> **What is being asked**
When you reach the line that contains "メインコンテンツは、リアルタ" in the data below, start reproducing lines exactly, and stop after the line that contains "2点翼支付直播间蹲300-66券.".

> **Data to examine**
***

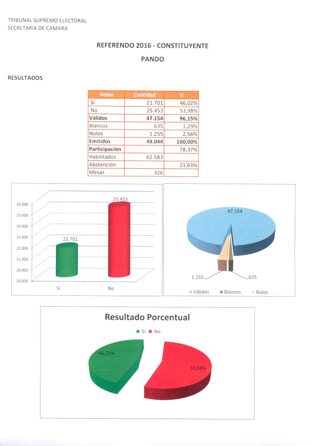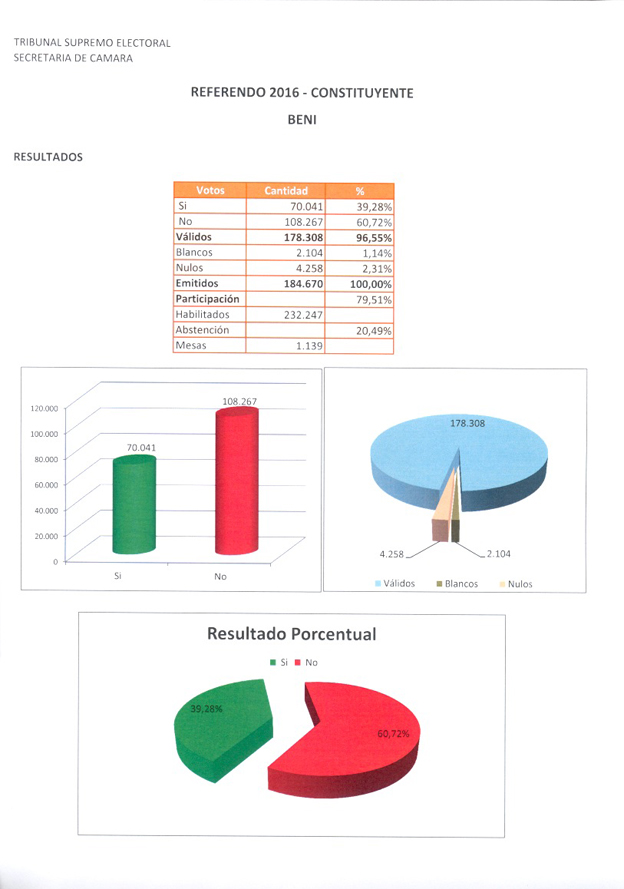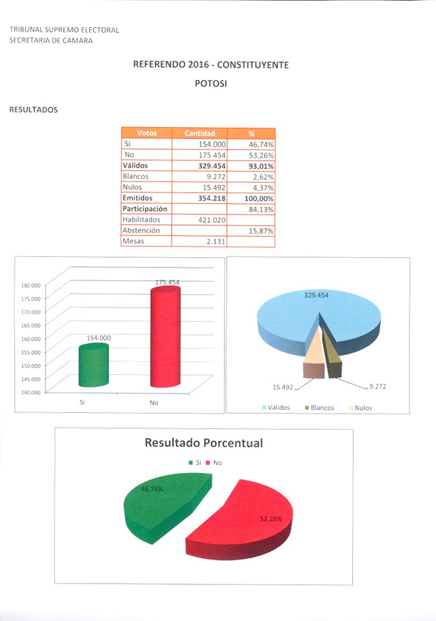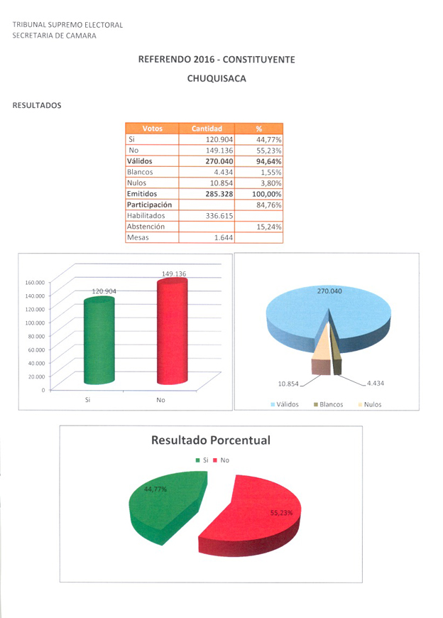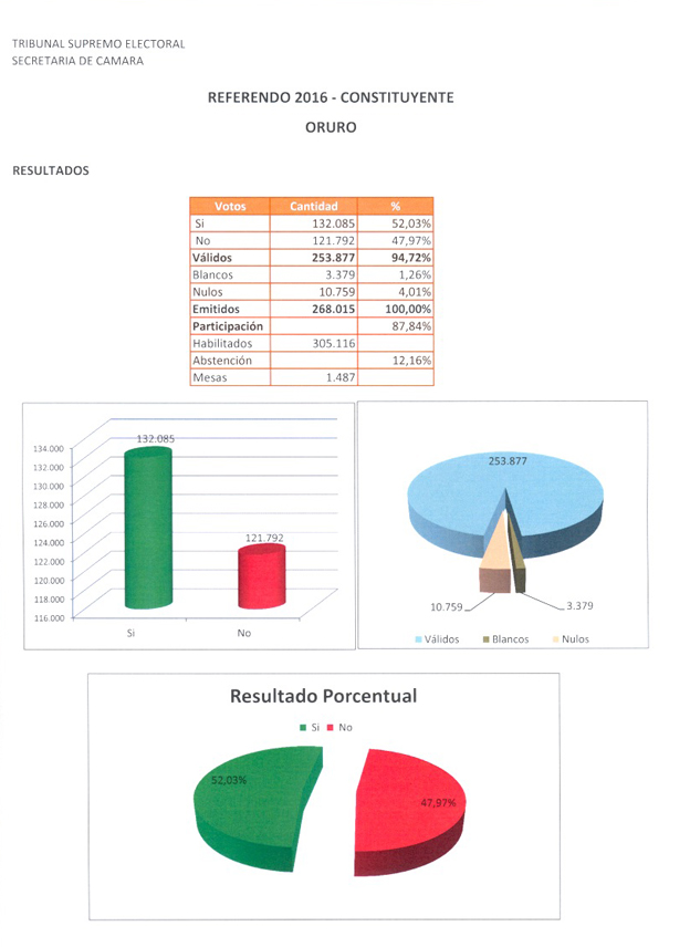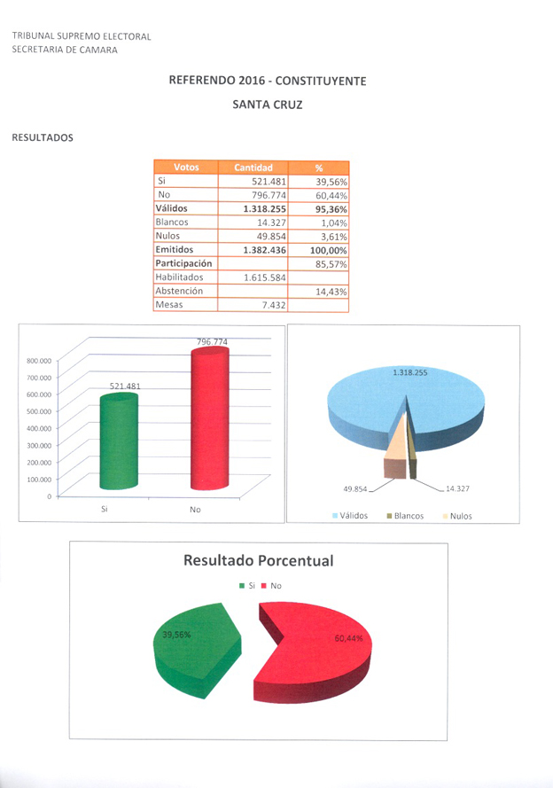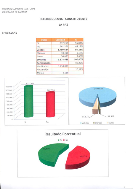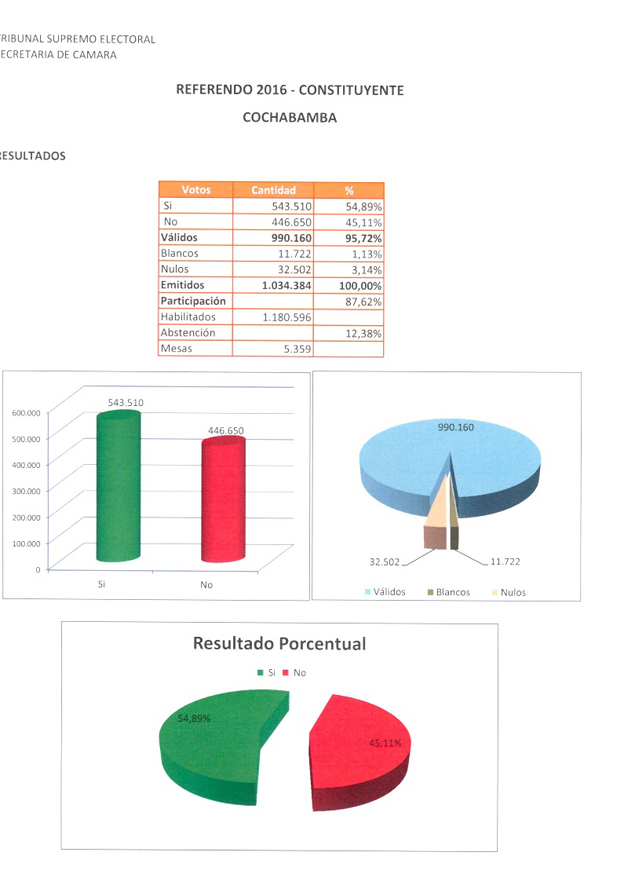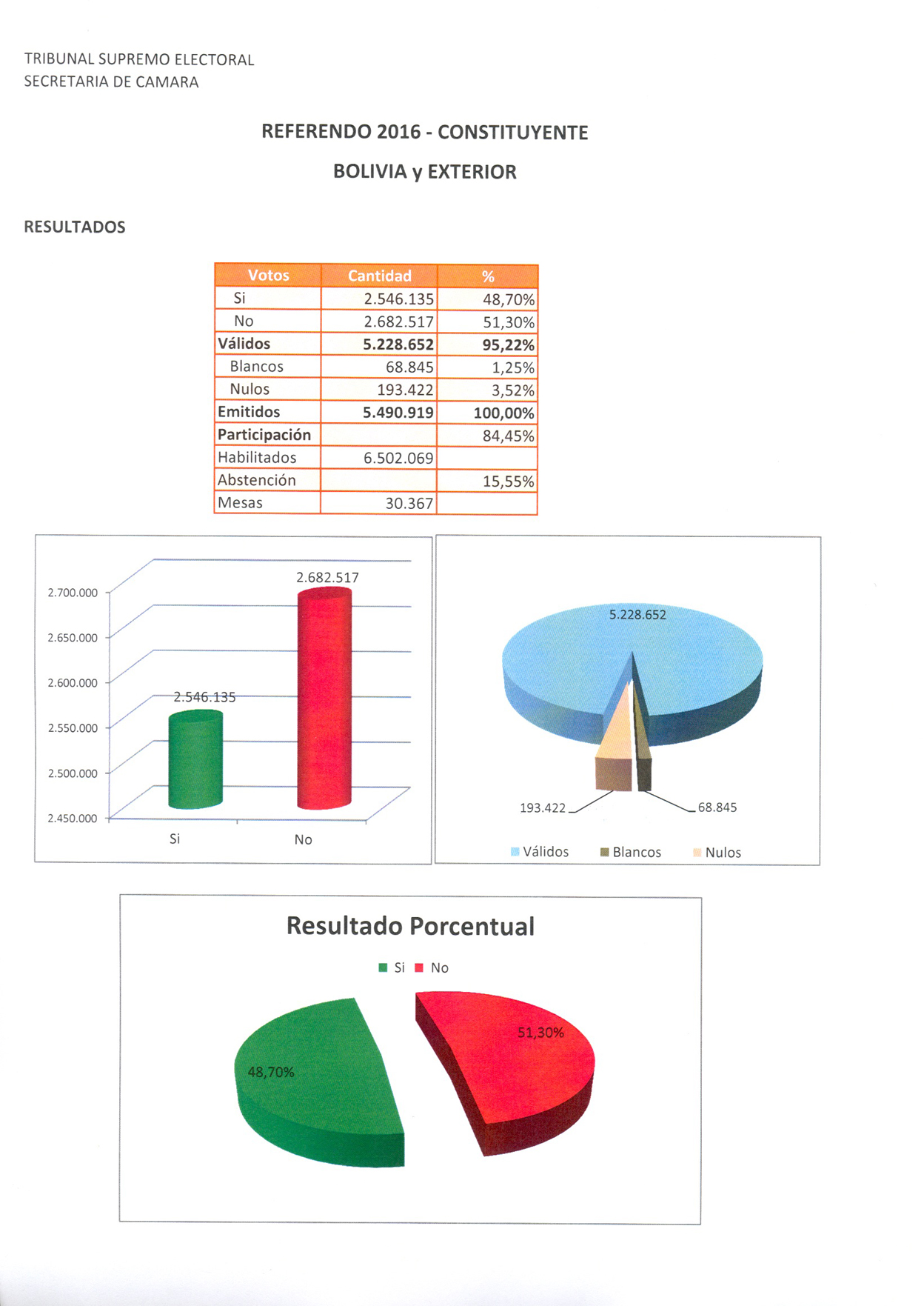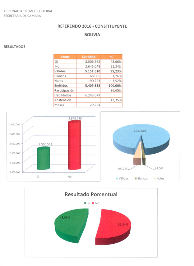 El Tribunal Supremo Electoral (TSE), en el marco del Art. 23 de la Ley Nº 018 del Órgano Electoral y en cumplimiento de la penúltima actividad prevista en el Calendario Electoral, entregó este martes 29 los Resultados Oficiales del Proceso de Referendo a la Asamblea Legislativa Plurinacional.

***

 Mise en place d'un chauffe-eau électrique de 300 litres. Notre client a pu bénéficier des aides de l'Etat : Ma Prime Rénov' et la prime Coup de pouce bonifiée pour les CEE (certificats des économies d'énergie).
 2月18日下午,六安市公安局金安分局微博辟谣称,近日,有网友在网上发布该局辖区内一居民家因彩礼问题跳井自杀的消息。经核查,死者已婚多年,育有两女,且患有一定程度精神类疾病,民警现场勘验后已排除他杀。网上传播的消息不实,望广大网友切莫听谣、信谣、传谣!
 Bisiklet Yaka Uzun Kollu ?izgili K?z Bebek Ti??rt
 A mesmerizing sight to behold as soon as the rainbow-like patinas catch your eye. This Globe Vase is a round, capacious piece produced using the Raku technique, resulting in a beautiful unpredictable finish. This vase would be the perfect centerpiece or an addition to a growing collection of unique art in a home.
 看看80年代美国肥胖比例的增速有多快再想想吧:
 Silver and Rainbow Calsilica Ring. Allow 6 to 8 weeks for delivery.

***

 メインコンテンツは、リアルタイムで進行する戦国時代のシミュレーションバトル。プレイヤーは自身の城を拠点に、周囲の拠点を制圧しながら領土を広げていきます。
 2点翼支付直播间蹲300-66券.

***

> **Task output**
 メインコンテンツは、リアルタイムで進行する戦国時代のシミュレーションバトル。プレイヤーは自身の城を拠点に、周囲の拠点を制圧しながら領土を広げていきます。
 2点翼支付直播间蹲300-66券.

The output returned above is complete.